Percentage of patients prescribed with different medications for T2D (A) and CAD (B). Numbers within bars represent number of patients. *Any fixed combination of two of the above oral hypoglycemic agents (i.e., two or more active substances combined in one single prescription). **Other include clopidogrel, prasugrel, ticagrelor, and other lipid-lowering drugs. ***DAPT refers to ASA plus other anti-platelet drug. #K-vitamin antagonists include warfarin (n = 2; 0.13%) and acenocumarol (n = 185; 11.72%) Non-K-vitamin antagonists include heparins (n = 121; 7.66%), direct thrombin inhibitors (n = 34; 2.15%), direct factor Xa inhibitors (n = 23; 1.46%), and fondaparinux (n = 14; 0.89%). ACE = angiotensin-converting enzyme inhibitors; ARB = angiotensin II receptor blockers; ASA = acetylsalicylic acid; DAPT = dual antiplatelet therapy; DPP4i = dipeptidyl peptidase 4 inhibitors; SGLT2i = sodium-glucose cotransporter 2 inhibitors; GLP1 = Glucagon-like peptide-1; FA = Fast acting; IA = Intermediate acting; LA = Long acting.
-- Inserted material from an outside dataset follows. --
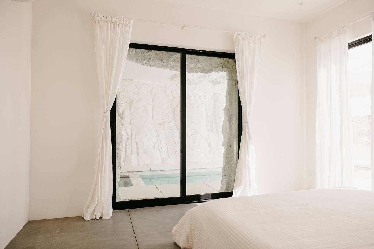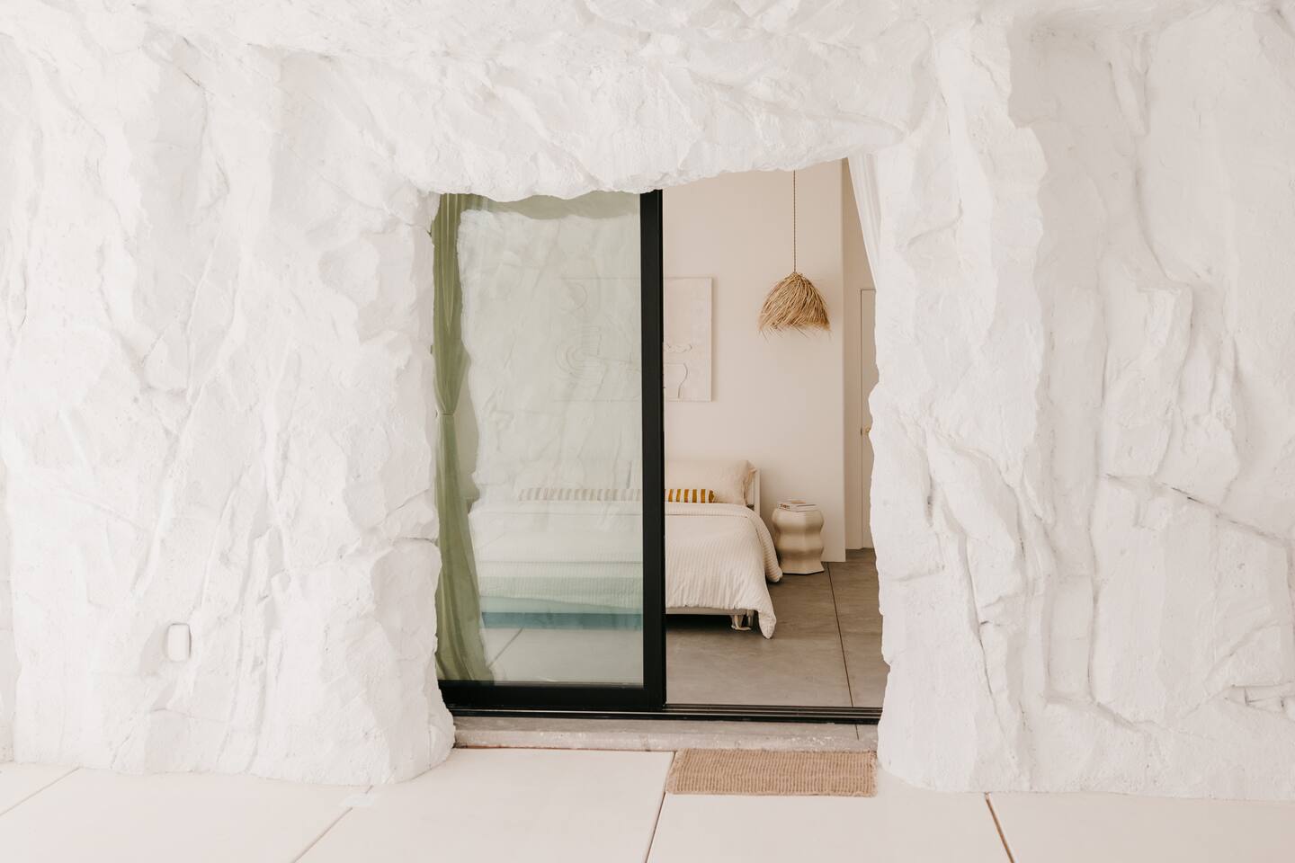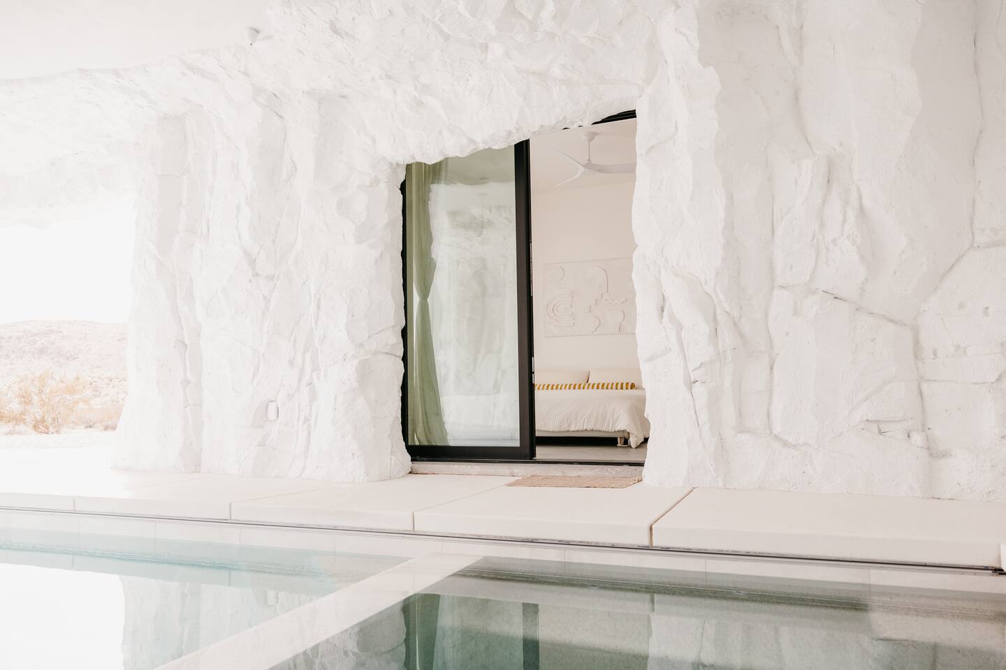 Inspired by Cycladic Mediterranean architecture, the highlight of La Cave is undoubtedly the beautiful cave pool and spa, providing a private and serene space for you to relax and unwind. The interior of the house is designed to complement the natural surroundings, with earthy tones and natural materials throughout. This unique home is the perfect place to make unforgettable memories. Experience the magic of the desert like never before!! @CasaCabin

The median (Q1, Q3) follow-up duration was 1.2 (0.3–4.5) years. During this period, this study aimed to document the cumulative incidence and rates of MACE (MI, ischemic stroke, hospitalization for unstable angina, and urgent coronary revascularizations). Because MACE were aligned to the nature of the data source and methodology used, all-cause or CV death cannot be included in the analysis (EHRs only capture in-hospital death). S3 Table in S1 File shows the overall incidence rates and cumulative incidence of MACE; 35.66% (n = 563) of patients suffered from at least one MACE event during follow up. The probability of suffering any MACE as well as MACE subtypes over the follow-up period is shown in Fig 3.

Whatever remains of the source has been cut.